COMPLETENESS (Second pass)
□ Are all sections adequately addressed?
□ Are there obvious gaps in the design?
□ Are dependencies identified?
□ Is the migration strategy realistic?
ALTERNATIVES (Critical thinking)
□ Were alternatives genuinely considered?
□ Is there a better approach not mentioned?
□ Does "do nothing" have a fair assessment?
FEASIBILITY (Reality check)
□ Is the timeline realistic?
□ Are the technical claims accurate?
□ Are there hidden complexities?
□ Does this match the team's capacity?
RISK (What could go wrong)
□ Are risks adequately identified?
□ Are mitigations realistic?
□ What's the worst-case scenario?
□ Is this reversible if it doesn't work?
OPERATIONS (Living with it)
□ How does this affect on-call?
□ Is it observable/debuggable?
□ What's the maintenance burden?
BROADER IMPACT (Ecosystem)
□ How does this affect other teams?
□ Does this align with architectural direction?
□ Are there precedent implications?
Giving Good Feedback
┌─────────────────────────────────────────────────────────────────────┐
│ HOW TO GIVE RFC FEEDBACK │
├─────────────────────────────────────────────────────────────────────┤
│ │
│ BE SPECIFIC │
│ ───────────────────────────────────────────────────────────────── │
│ ✗ "This seems risky" │
│ ✓ "The migration strategy doesn't account for the case where │
│ jobs are in-flight during the cutover. What happens to them?" │
│ │
│ BE CONSTRUCTIVE │
│ ───────────────────────────────────────────────────────────────── │
│ ✗ "This won't work" │
│ ✓ "I think this approach will struggle with X. Have you │
│ considered Y as an alternative?" │
│ │
│ CATEGORIZE YOUR FEEDBACK │
│ ───────────────────────────────────────────────────────────────── │
│ Use prefixes to indicate severity: │
│ │
│ [BLOCKING] Must be addressed before approval │
│ [MAJOR] Significant concern, should discuss │
│ [MINOR] Suggestion, take it or leave it │
│ [NIT] Trivial (typo, formatting) │
│ [QUESTION] Need clarification to evaluate │
│ │
│ SEPARATE WHAT FROM HOW │
│ ───────────────────────────────────────────────────────────────── │
│ Challenge the proposal if warranted, but don't dictate │
│ implementation details unless necessary. │
│ │
│ ACKNOWLEDGE GOOD WORK │
│ ───────────────────────────────────────────────────────────────── │
│ If the RFC is well-written, say so. If a tricky problem is │
│ elegantly solved, recognize it. │
│ │
│ BE TIMELY │
│ ───────────────────────────────────────────────────────────────── │
│ Late feedback is worse than no feedback. If you can't review │
│ by deadline, say so early. │
│ │
└─────────────────────────────────────────────────────────────────────┘
Receiving Feedback
AS THE AUTHOR, WHEN RECEIVING FEEDBACK:
════════════════════════════════════════════════════════════════════
1. ASSUME GOOD INTENT
───────────────────
Reviewers are trying to help, even when critical.

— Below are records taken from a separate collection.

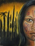 2019Halfportret van een Amazone bewoner tijdens de bosbranden
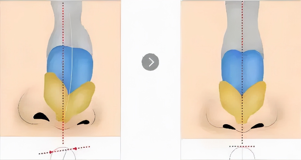 这种鼻梁下半的歪斜是软骨歪斜造成的,仅需要矫正歪斜的软骨,切断鼻中隔软骨与筛骨垂直板、犁骨、侧鼻软骨的连接,剪除多余的侧鼻软骨,恢复鼻中隔的中立位置。
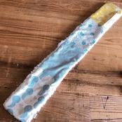 結んだりまいたりしない、テープにくぐらせる着脱楽ちんなショートマフラーです。
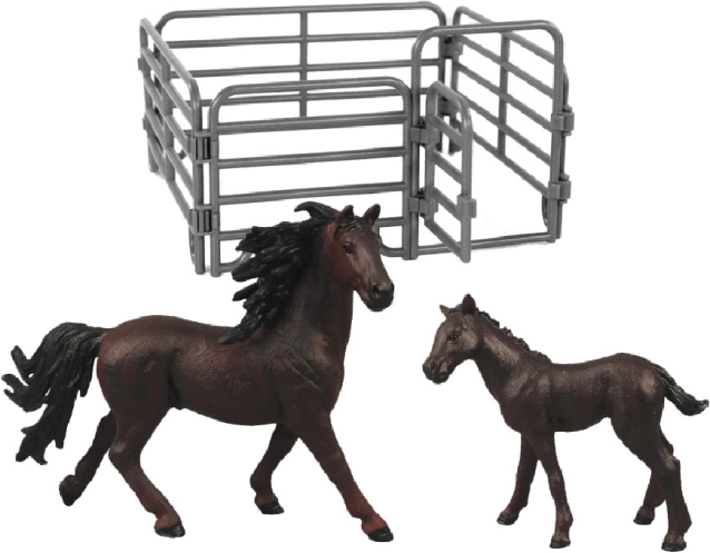 Enrichissez votre collection de jouets avec ce magnifique ensemble de chevaux avec enclos. La figurine du cheval et du poulain a un aspect réaliste et par son design ravit tous les âges. Le pack contient :
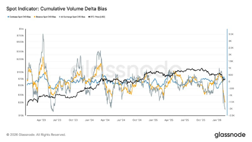 各交易平台 #CVD 均为负值,表明 #Distribution 活跃,而非被动缺口。在 CVD 稳定并出现建设性 #Divergence 信号表明自然需求吸收供应之前,价格仍将保持脆弱⚡️🎯👀
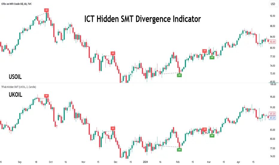 The Hidden SMT Divergence indicator provides traders with a systematic approach to identify market reversals or trend continuations through divergences in closing prices between two correlated assets.
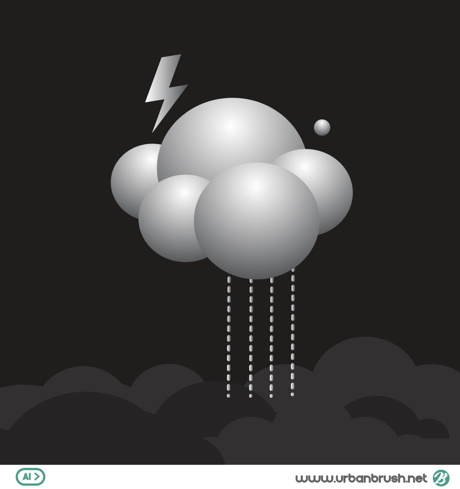 Hi. Urban Brush’s Master Creator Tommy. The image below is a sample of auric illustration ai file. It is an illustration image that lightning and the gray of the light cloud are expressed together. It expresses a dark cloud accompanied by rain and thunder. It is an illustrative image suitable for use in categories such as cloudy sky, thunder, lightning, rain, showers, weather, and more. Download the cloudy illustration vector file and apply it to the weather related images.

They took time to engage with your work.
2. DON'T BE DEFENSIVE
───────────────────
✗ "You don't understand what I'm saying"
✓ "Let me clarify that section—I can see how it's confusing"
3. ENGAGE WITH THE SUBSTANCE
──────────────────────────
Address the concern, not the tone.
If feedback is unclear, ask clarifying questions.
4. KNOW WHEN TO PUSH BACK
───────────────────────
You don't have to accept every suggestion.

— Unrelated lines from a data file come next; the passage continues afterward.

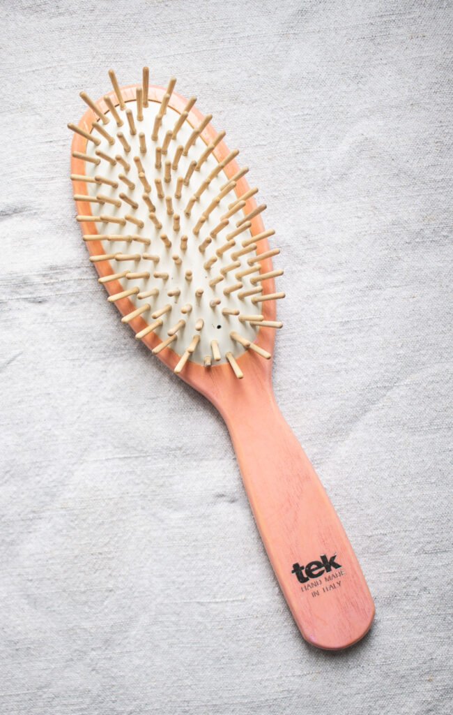 Den anden er denne børste, som jeg købte i Vilnius for 2 år siden også fra italienske TEK. Det eneste jeg kan sige er, at vildsvinebørster holder uendeligt lang tid, hvis du passer på dem. De er effektive til at udrede fint og tyndt hår, de er gode til at balancere tørt hår, de er fantastiske til glatredning og perfekte til finish og shine. Vores datter elsker at få børstet hår med den her. Det er en børste jeg ikke ville være foruden. Det eneste issue, som jeg altid har med de her børster er, at der samler sig fnuller i bunden over tid, som man også kan se, det er svært at fjerne, men holder du den ren bliver det aldrig værre end du kan se på billedet.
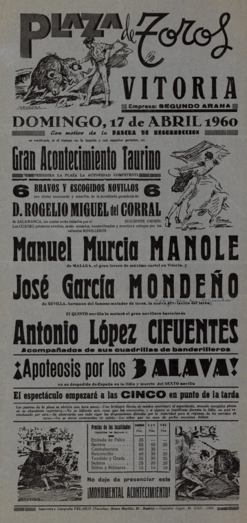 | Título: | Plaza de Toros Vitoria [Material gráfico] : domingo, 17 de abril gran acontecimiento taurino : 6 bravos y escogidos novillos 6 : Manuel Murcia Manole, José García Mondeño, Antonio López Cifuentes : ¡apoteosis : el espectaculo empezará a las cinco en punto |
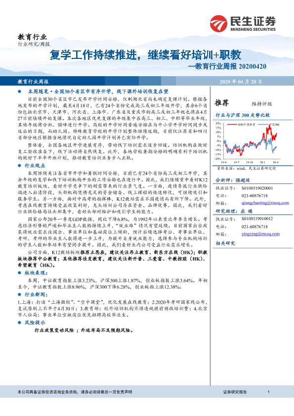 【民生证券】【20200420】教育行业周报:复学工作持续推进,继续看好培训+职教-14页
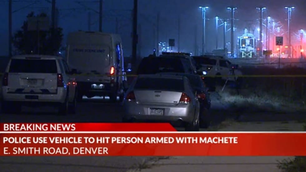 Officers with the Denver Police Department were forced to use at least one patrol vehicle to stop a rampaging assailant armed with a machete on Thursday morning.
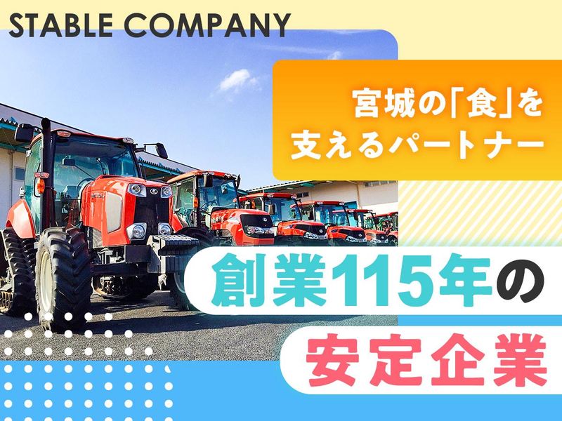 仕事内容 「宮城に根ざして、長く活躍したい!」 「経験ゼロだけど営業に挑戦したい」 「ワークライフバランスも大事にしたい」 ――その想い、【五十嵐商会】ですべて実現できます! ━━━━━━━━━━━━━━━━━━━━ ✨POINT01✨圧倒的な安定性 ━━━━━━━━━━━━━━━━━━━━ ●創業から“115年”の歴史を誇る専門商社 ●大手農機具メーカー「Kubota」の特約店 ●県内トップクラスのシェア率を達成 農機具・資材の提案を通して築いてきた、 多くの農家さんとの信頼関係が強み。 また「食」という景気に左右されにくい 業界だからこそ、長期キャリアを描けます◎ ★転居を伴う転勤もなし! ━━━━━━━━━━━━━━━━━━━━ ✨POINT02✨安心の営業スタイル ━━━━━━━━━━━━━━━━━━━━ ●新規のテレアポや飛び込みなし! ●数字よりも「人とのつながり」重視 ●1ヶ月の導入研修×OJTで着実に成長! 既存顧客が中心だから提案しやすい◎ ガツガツよりも、じっくり寄り添うのが当社の営業です。 あなたの活躍はしっかりと教えていきますのでご安心ください! ★もちろん頑張りはインセンティブで還元! ━━━━━━━━━━━━━━━━━━━━ ✨POINT03✨働きやすさ充実 ━━━━━━━━━━━━━━━━━━━━ ●お休みは固定の基本土日祝休み ●残業月平均20h以下と少なめ! ●夏季・年末年始は9日間の長期休暇! 社員が無理せず取り組めるよう、 しっかり休める環境を整えています。 8日間の有給奨励日もご用意◎ しっかりリフレッシュしながら取り組めます! ――安定も、営業スキルも、プライベートも手に入る当社で、 あなたも新たな一歩を踏み出しませんか? ▼ ▼ ▼ 【具体的な仕事内容】 ✅農家さんのもとへ訪問 1日30件程度(お客様1軒あたり月3回目安)を訪問。 出張はなく、営業所から車で30分以内の場所へ伺います。 ✅ヒアリング・ご提案 「最新の機械の調子」や「作業効率化の悩み」など、農家さんの“本音”をキャッチ! 引き出したニーズをもとに、 トラクターなどの大型農機具から肥料等の資材、最新のAI管理システムまで、 幅広くご案内し、解決策を提案します。 ✅アフターフォロー 部品交換やメンテナンスを実施します。 ※複雑な修理は整備担当者が対応します! 最新の農機具や資材をご案内し、 農家さんの「頼れるパートナー」として活躍していきましょう◎

"I considered that, but chose this approach because..."
is perfectly valid.
5. TRACK AND CLOSE COMMENTS
─────────────────────────
Respond to every comment, even if just "Acknowledged, updated."
Don't leave reviewers wondering if you saw their feedback.
6. SUMMARIZE CHANGES
──────────────────
When you revise, note what changed:
"Updated based on feedback: added migration rollback plan,
clarified caching TTL strategy, addressed API versioning."
Decision Making
Who Decides?
DECISION AUTHORITY MODELS:
════════════════════════════════════════════════════════════════════
MODEL 1: CONSENSUS
──────────────────
All required reviewers must approve.
Pros:
• Everyone aligned
• No one feels overruled
Cons:
• Can take forever
• One blocker halts everything
• Encourages watered-down compromises
Best for: Small teams, high-trust environments
MODEL 2: DESIGNATED DECIDER
───────────────────────────
One person has final authority (tech lead, architect, etc.)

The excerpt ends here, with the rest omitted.